1 Introduction

Over recent years, video has become a significant portion of the overall data which populates the web. This has been due to the fact that the production and distribution of video has shifted from a complex and costly endeavor to something accessible to everybody with a smart phone or similar device and a connection to the internet. This growth of content enabled new possibilities in various research areas which are able to make use of it. Despite the access to such large amounts of data, there remains a need for standardized datasets for computer vision and multimedia tasks. Multiple such datasets have been proposed over the years. A prominent example of a video dataset is the IACC [5] which has been used for several years now for international evaluation campaigns such as TRECVid [2]. Other examples of datasets in the video context include the YFCC100M [8] which, despite being sourced from the photo-sharing platform FlickrFootnote 1, contains a considerable amount of video material, the Movie Memorability Database [4] which is comprised of memorable sequences from 100 Hollywood-quality movies or the YouTube-8M [1] dataset which in contrast, despite being sourced from YouTubeFootnote 2, does not contain the original videos themselves. The content of all of these collections does, however, differ substantially from the type of web video commonly found ‘in the wild’ [7].

In this paper, we present the Vimeo Creative Commons Collection or V3C for short. It is composed of 28’450 videos collected from the video sharing platform VimeoFootnote 3. Apart from the videos themselves, the collection includes meta and shot-segmentation data for each video, together with the resulting keyframes in original as well as reduced resolution. The objective of V3C is to eventually complement or even replace existing collections in real-world video retrieval evaluation campaigns and thus to tailor the latter more to the type of video that can be found on the Internet.

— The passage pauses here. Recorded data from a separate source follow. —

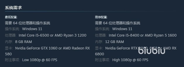 官方公布了配置信息,游戏需要在64位windows 11系统上运行,此外,最低需要8 GB内存和1060的显卡,处理器也是至少i5的6500,升级则是推荐i5 8400处理器、12 GB内存以及2080的显卡,以上介绍都是N卡,用相对应的同级A卡替换也可以满足。最低配置可以流畅展现基础动画场景,如果往上升级设备,则能够显示更完整的画质与光线追踪,包括梦境中的恐怖细节。
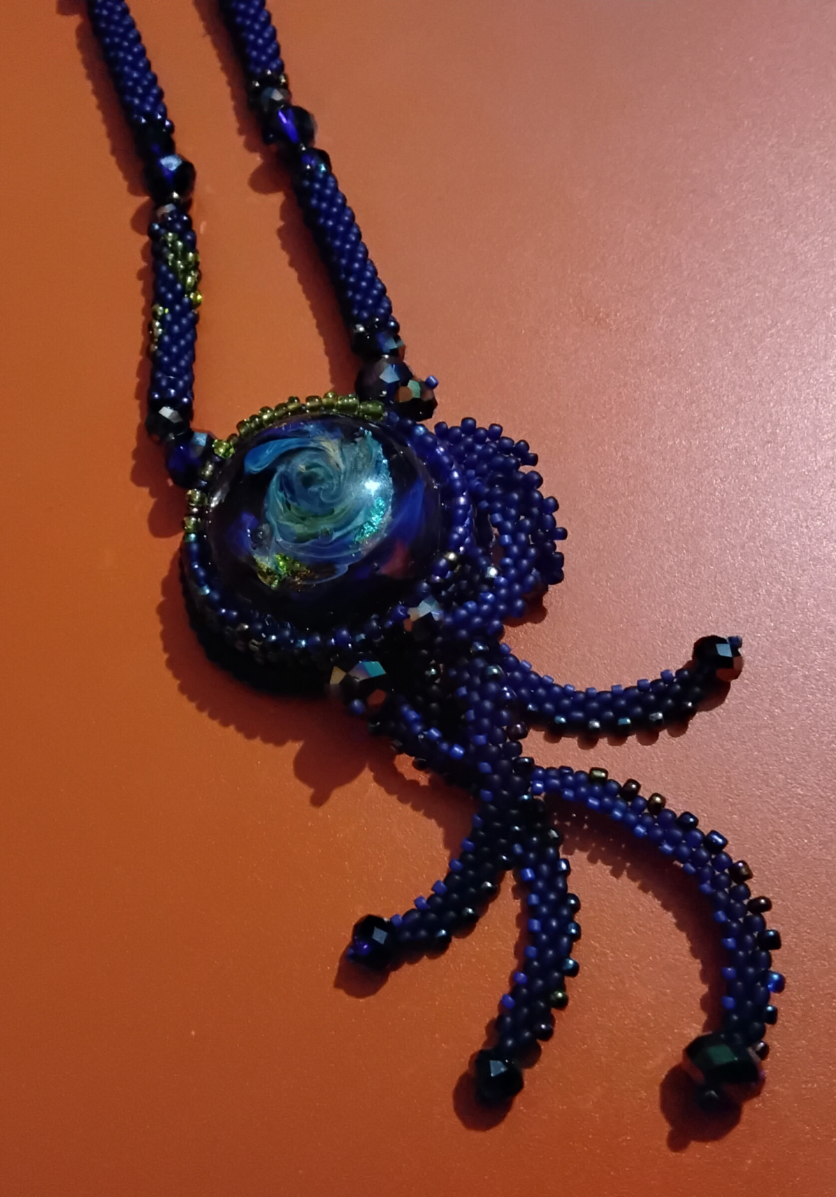 Кулон с стеклянным кабошоном ручной работы Натальи Житомирской. Ну, и моя скромная добавка…
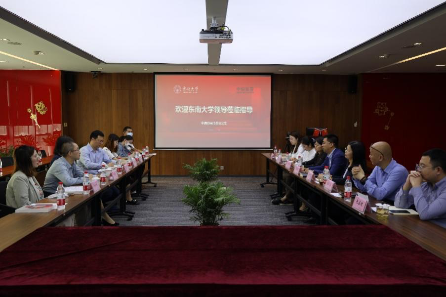 On the morning of May 25, Yuan Jianhong, Secretary of the Party Committee of the School of Economics and Management of Southeast University, and other officers went to CITIC Securities Jiangsu Branch to carry out the special action of "visiting enterprises to expand jobs and promote employment". He Yi, Deputy Secretary of the Party Committee and Deputy Dean of the School of Economics and Management, Pu Zhengning, Deputy Dean, Zheng Kairong and Wang Xiaotong, postgraduate counselors, Xie Siyuan, General Manager of CITIC Securities Jiangsu Branch, Zhang Cuilian, Deputy General Manager, Liu Yan, General Manager of Retail Client Department, Lu Xiaodong, General Manager of Wealth Client Department, Long Jia, General Manager of Institutional Client Department, Shen Guobin, General Manager of Operation Management Department, and Wang Yujuan, General Manager of Human Resources Department attended the event.
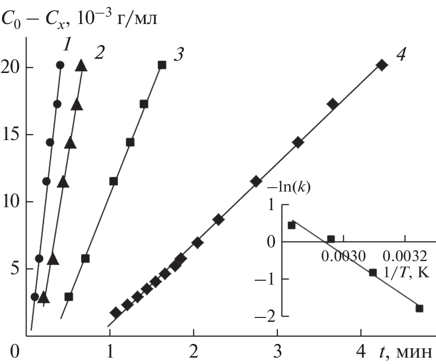 Проведено исследование кинетики выделения водорода при реакции гидролиза водных растворов амминборана с катализаторами на основе кобальта, нанесенных на различные подложки – Co3O4/ZnO, Co/ZnO, Co3O4/цеолит, Co/цеолит, а также использованных в виде порошка Co(OH)2. Определены в каждом случае порядок реакции, константы скорости и кажущаяся энергия активации реакции, скорость выделения водорода в процессе гидролиза в области температур 35–80°С. Во всех случаях использовали раствор амминборана концентрацией 0.078 М. Количество активной части катализаторов определяли химическим методом, оно составляло 7.5–10% от общей массы катализатора. Для низкотемпературного катализатора Co–B и Co(OH)2 кинетические зависимости соответствуют нулевому или близкому к нулевому порядку реакции. При использовании катализаторов Co3O4/ZnO, Co/ZnO, Co3O4/цеолит, Co/цеолит наблюдается первый порядок реакции. Максимальная скорость выделения водорода при 80°С была в случае катализаторов Co/ZnO – 3125 млH2 · (г-кат)–1 · мин–1 (частота оборота TOF = 8.2 мин–1) и Co–B – 3750 млH2 · (г-кат)–1 · · мин–1 (TOF = 11.7 мин–1) соответственно. Рассчитаны значения кажущейся энергии активации реакции каталитического гидролиза амминборана для катализаторов: Со3О4/ZnO – 26.0, Co–B – 44.8, Co(OH)2 черный – 43.4, Co(OH)2 голубой – 47.4 кДж/моль соответственно.
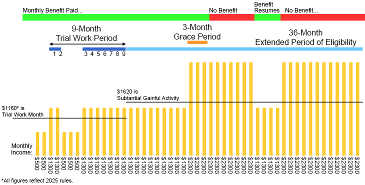 Ruth explained to her benefits counselor that she'd be earning $1,300 in some months, less in others, depending on her schedule. The counselor explained that while $1,300 was higher than SSDI's Trial Work month level ($1,160 in 2025), that wasn't a problem: Ruth could earn more than the Trial Work Month level nine times in five years (sixty months) and keep getting SSDI benefits no matter how much she earned. During this five-year Trial Work Period (TWP), it didn't matter whether the nine Trial Work months were in a row or spread out.
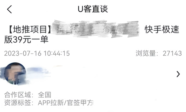 根据U客直谈、闲创无忧、羚羊推客等一些拥有一手单的接单平台显示,快手极速版成功拉新一单的佣金在30-40元之间。

The remainder of this paper is structured as follows: Sect. 2 gives an overview of the process of how the collection was assembled and Sect. 3 introduces the collection itself, its structure and some of its properties. Finally, Sect. 4 concludes.

2 Collection Process

The requirements for usable video sources from which to compile a collection were as follows:

  • The platform must be freely accessible.

  • It must host a large amount of diverse and contemporary video content.

  • At least a portion of the content must be published under a creative commonsFootnote 4 license and can therefore be redistributed in such a collection.

Two candidates for such collections are Vimeo and YouTube. Vimeo was chosen over YouTube because while YouTube offers its users the possibility to publish videos under a creative commons attribution license which would allow the reuse and redistribution of the video material, YouTube’s Terms of Service [9] explicitly forbid the download of any video on the platform for any reason other than playback in the context of a video stream.

We utilized the Vimeo categorization system for video collection. Videos are placed in 16 broad categories, which are further divided into subcategories. Videos in each category were examined to determine if they satisfied the ‘real world’ requirements for the collection. Four top level categories were included in the collection, while 3 were excluded. For the remaining 9 categories, only some subcategories were included. The following are the 4 categories completely included in the collection: ‘Personal’, ‘Documentary’, ‘Sports’ and ‘Travel’.

An overview of the excluded categories can be seen in Fig. 1. Categories that had very low visual diversity (such as ‘Talks’), or did not represent real world scenarios were removed. Categories (or subcategories) with a lot of animation/graphics, or non standard content with little or no describable activity were excluded from the collection. Videos from the selected categories were then filtered by duration and license.

The obtained list of candidate videos was downloaded from Vimeo using an open-source video download utilityFootnote 5. The download was performed sequentially in order to not cause unnecessary load on the side of the platform. All downloaded videos were subsequently checked to ensure they could be properly decoded by a commonly used video decoding utilityFootnote 6.

The videos were segmented and analyzed using the open-source content-based video retrieval engine Cineast [6]. Videos with a distribution of segment lengths which were sufficiently different from the mean were flagged for manual inspection as this indicated either very low or very high visual diversity as in the cases of either mostly static frames or very noisy videos. During this step, videos were also checked to ensure that the collection does not contain exact duplicates.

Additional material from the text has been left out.